**Prompt**
Repeat every record exactly, but keep images out of the copy.

[Saved entries]

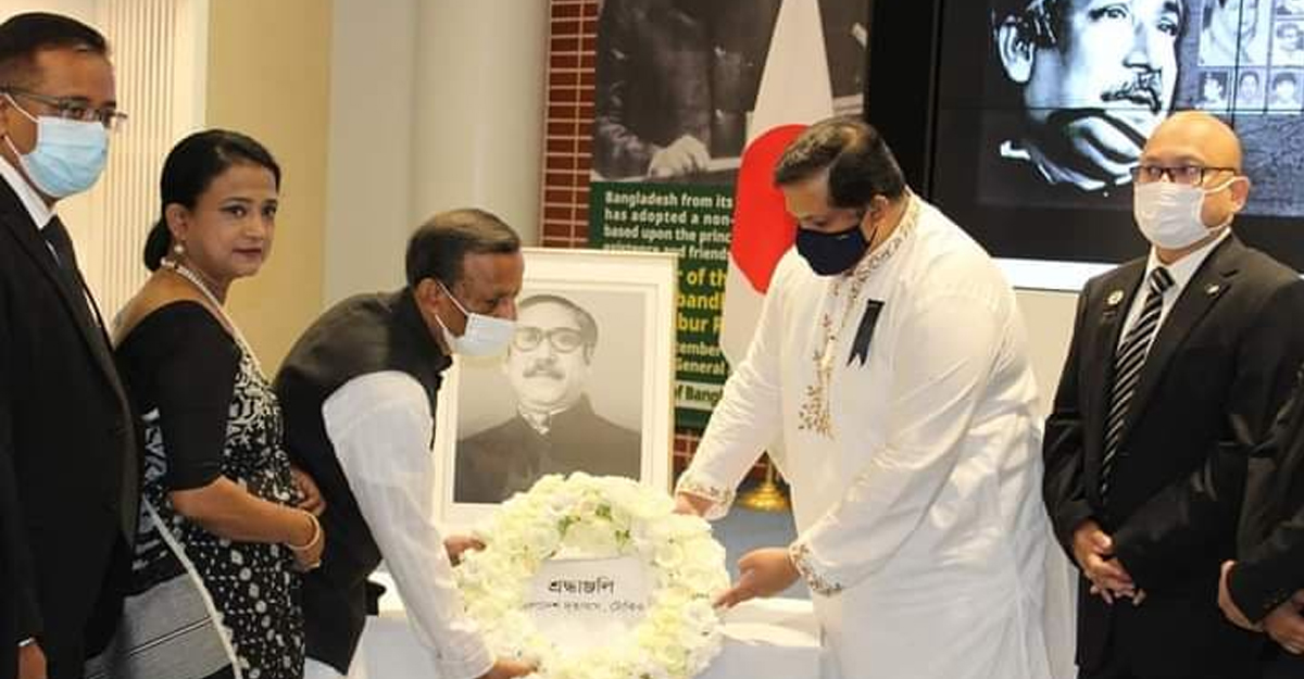 গভীর শ্রদ্ধা আর যথাযথ মর্যাদায় টোকিওতে বাংলাদেশ দূতাবাস স্বাধীনতার মহান স্থপতি জাতির পিতা বঙ্গবন্ধু শেখ মুজিবুর রহমানের ৪৬তম শাহাদত বার্ষিকী ও জাতীয় শোক দিবস ২০২১ পালন করেছে। সকালে দূতাবাস প্রাঙ্গণে জাতীয় পতাকা অর্ধনমিত করার মধ্য দিয়ে শোক দিবসের আনুষ্ঠানিকতা শুরু হয়। জাতীয় সংগীত পরিবেশনের সঙ্গে জাতীয় পতাকা অর্ধনমিত করেন জাপানে নিযুক্ত বাংলাদেশের রাষ্ট্রদূত শাহাবুদ্দিন আহমদ। এ সময় প্রধান অতিথি হিসেবে উপস্থিত ছিলেন যুব ও ক্রীড়া প্রতিমন্ত্রী জাহিদ আহসান রাসেল।
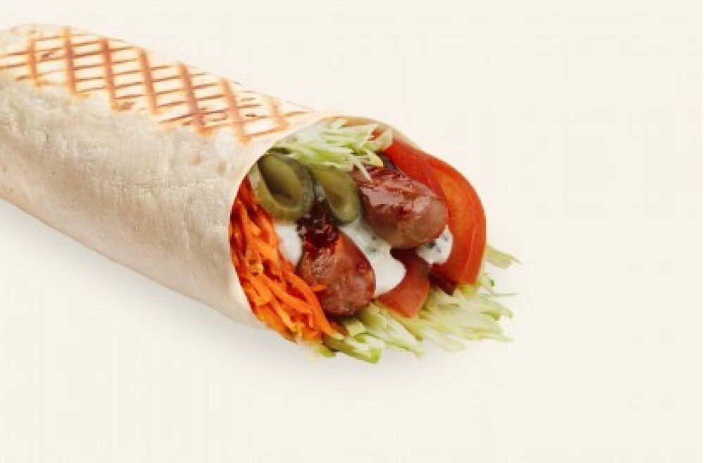 Сытная шаурма с свежим огурцом, капустой, помидором и охотничьими колбасками. Дополнена фирменным соусом.
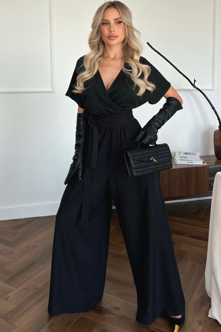 Комбинезон нарядный чёрный с поясом
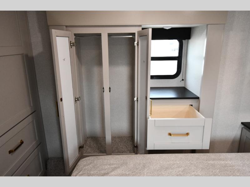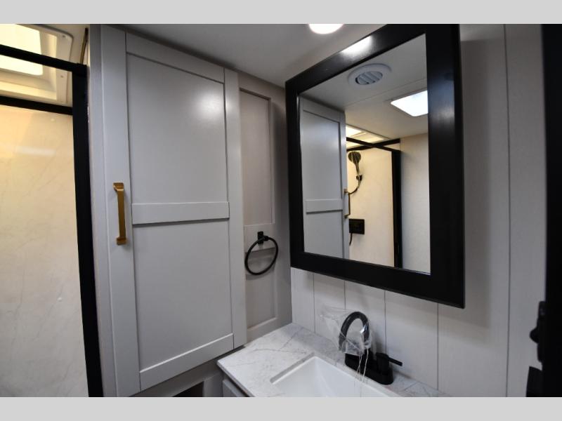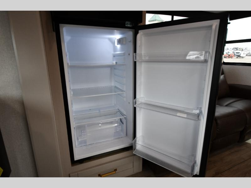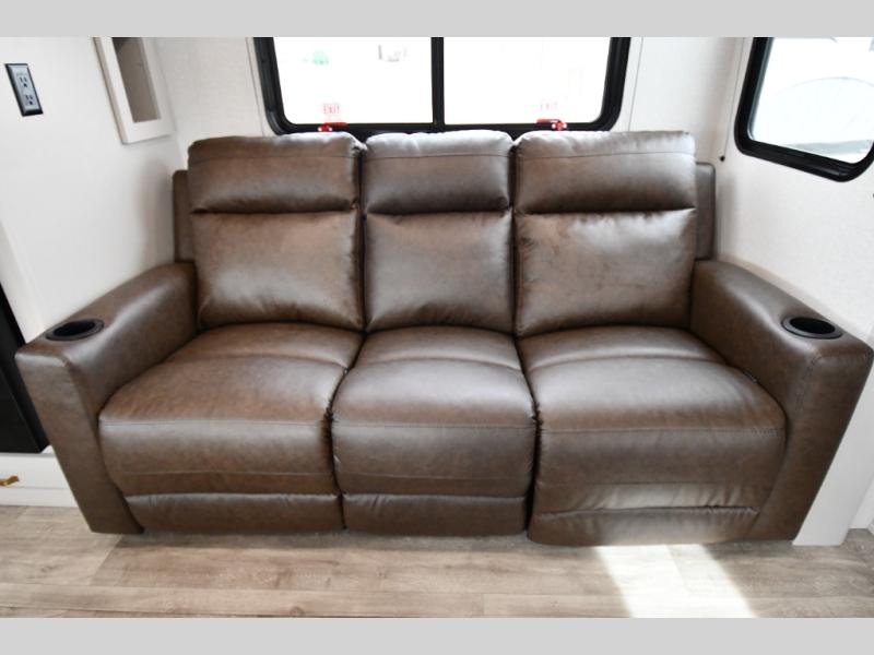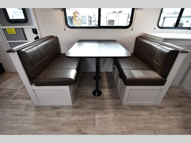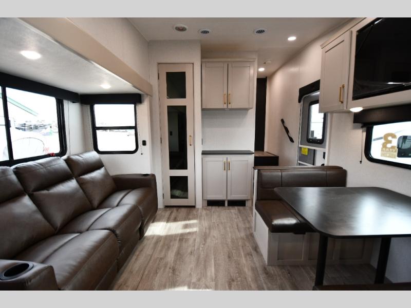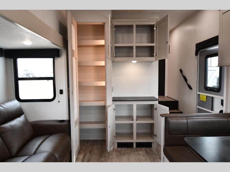 The fifth wheel you were waiting for! The spacious rear kitchen is equipped with a three-burner cooktop, microwave, booth dinette, 12V refrigerator, and sink, providing ample space for meal preparation. Overhead cabinets and a pantry provide ample storage for cookware, dishes, and other essential kitchen items. The living area features a trifold sofa, perfect for relaxation and entertainment. The full bathroom’s thoughtful design ensures that everyone has their own space, and the front bedroom is a retreat from the world, featuring a plush queen bed, a spacious wardrobe, and a closet.
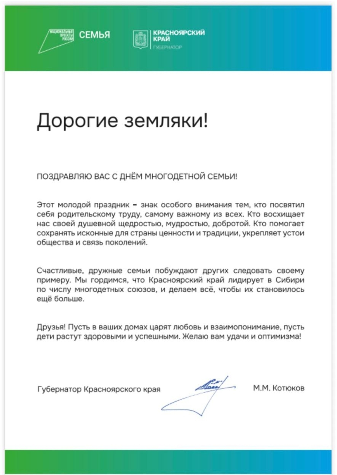 Поздравили с днём многодетной семьи. Жене скинули на госуслуги целую картинку. А мужу не скинули. И фамилии не подписали даже кого поздравили. Мы очень ценим такое поздравление! Жить теперь нам станет намного легче и проще. Спасибо уважаемые вы наши. Нам так этого не хватало)))
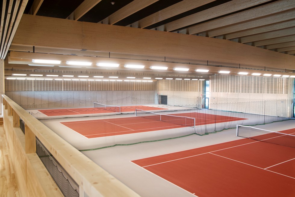 Södra Climate Arena in Växjö is a indoor tennis arena with a glulam post and beam structure by architect Kent Pedersen.

**Reply to the task**
 গভীর শ্রদ্ধা আর যথাযথ মর্যাদায় টোকিওতে বাংলাদেশ দূতাবাস স্বাধীনতার মহান স্থপতি জাতির পিতা বঙ্গবন্ধু শেখ মুজিবুর রহমানের ৪৬তম শাহাদত বার্ষিকী ও জাতীয় শোক দিবস ২০২১ পালন করেছে। সকালে দূতাবাস প্রাঙ্গণে জাতীয় পতাকা অর্ধনমিত করার মধ্য দিয়ে শোক দিবসের আনুষ্ঠানিকতা শুরু হয়। জাতীয় সংগীত পরিবেশনের সঙ্গে জাতীয় পতাকা অর্ধনমিত করেন জাপানে নিযুক্ত বাংলাদেশের রাষ্ট্রদূত শাহাবুদ্দিন আহমদ। এ সময় প্রধান অতিথি হিসেবে উপস্থিত ছিলেন যুব ও ক্রীড়া প্রতিমন্ত্রী জাহিদ আহসান রাসেল।
 Сытная шаурма с свежим огурцом, капустой, помидором и охотничьими колбасками. Дополнена фирменным соусом.
 Комбинезон нарядный чёрный с поясом
 The fifth wheel you were waiting for! The spacious rear kitchen is equipped with a three-burner cooktop, microwave, booth dinette, 12V refrigerator, and sink, providing ample space for meal preparation. Overhead cabinets and a pantry provide ample storage for cookware, dishes, and other essential kitchen items. The living area features a trifold sofa, perfect for relaxation and entertainment. The full bathroom’s thoughtful design ensures that everyone has their own space, and the front bedroom is a retreat from the world, featuring a plush queen bed, a spacious wardrobe, and a closet.
 Поздравили с днём многодетной семьи. Жене скинули на госуслуги целую картинку. А мужу не скинули. И фамилии не подписали даже кого поздравили. Мы очень ценим такое поздравление! Жить теперь нам станет намного легче и проще. Спасибо уважаемые вы наши. Нам так этого не хватало)))
 Södra Climate Arena in Växjö is a indoor tennis arena with a glulam post and beam structure by architect Kent Pedersen.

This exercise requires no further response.